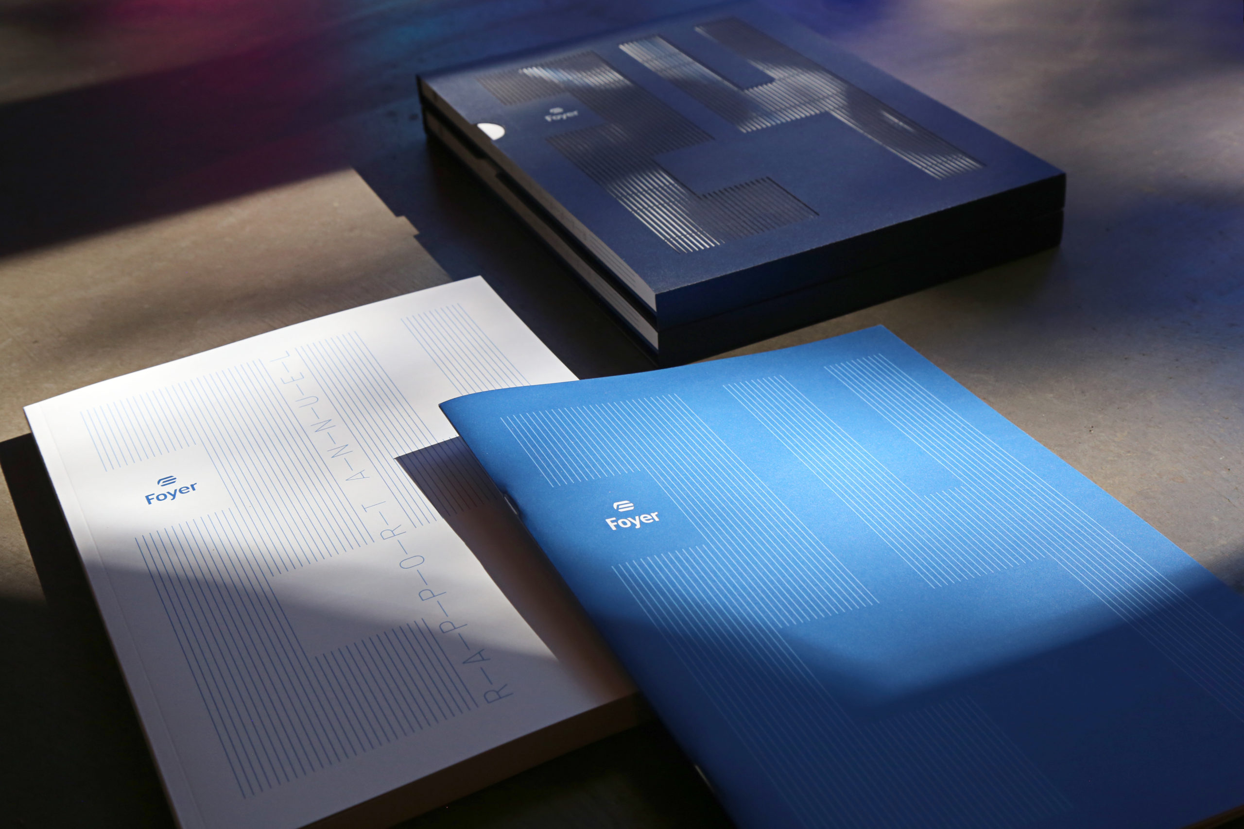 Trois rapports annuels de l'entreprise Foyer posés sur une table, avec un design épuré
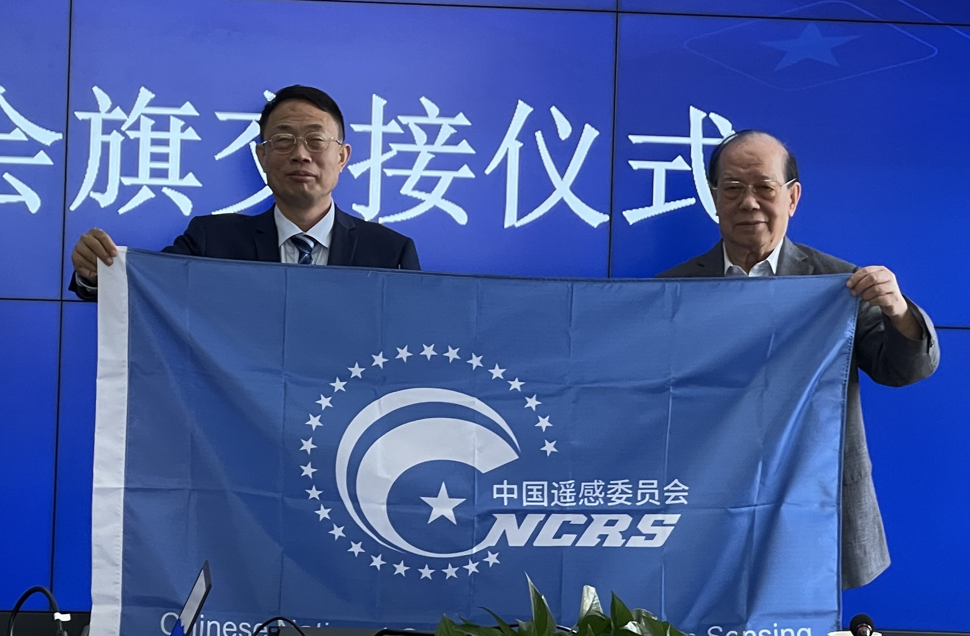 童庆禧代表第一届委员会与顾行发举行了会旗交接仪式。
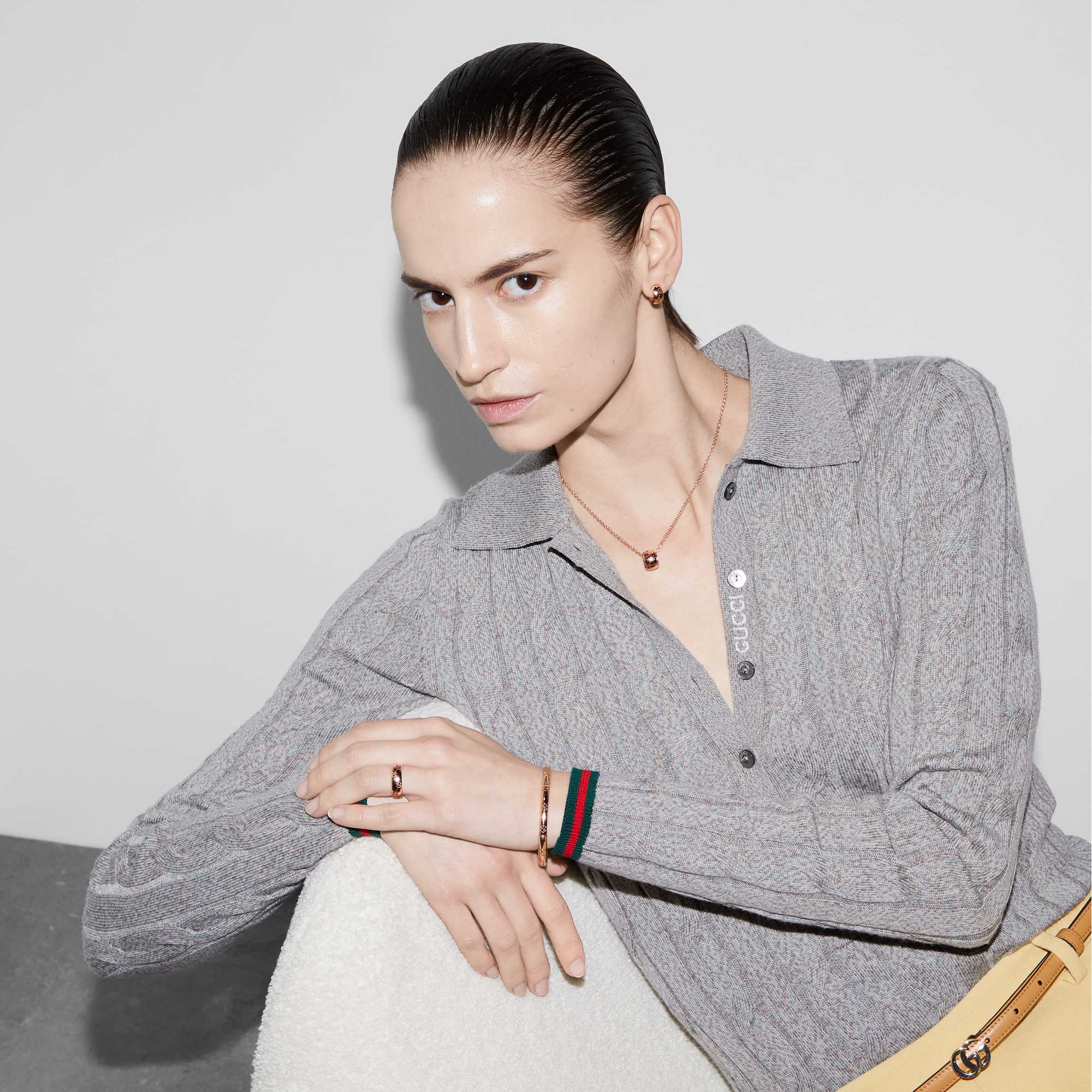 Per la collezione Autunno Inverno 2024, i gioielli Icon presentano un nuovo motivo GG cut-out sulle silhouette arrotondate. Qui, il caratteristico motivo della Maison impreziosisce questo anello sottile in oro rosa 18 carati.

Directions: Copy word for word every line from the one holding "童庆禧代表第一届委员会与顾行发举行了会旗交接仪式。" to the end of the listing, both ends included, but do not copy any pictures.

Result of this exercise:
 童庆禧代表第一届委员会与顾行发举行了会旗交接仪式。
 Per la collezione Autunno Inverno 2024, i gioielli Icon presentano un nuovo motivo GG cut-out sulle silhouette arrotondate. Qui, il caratteristico motivo della Maison impreziosisce questo anello sottile in oro rosa 18 carati.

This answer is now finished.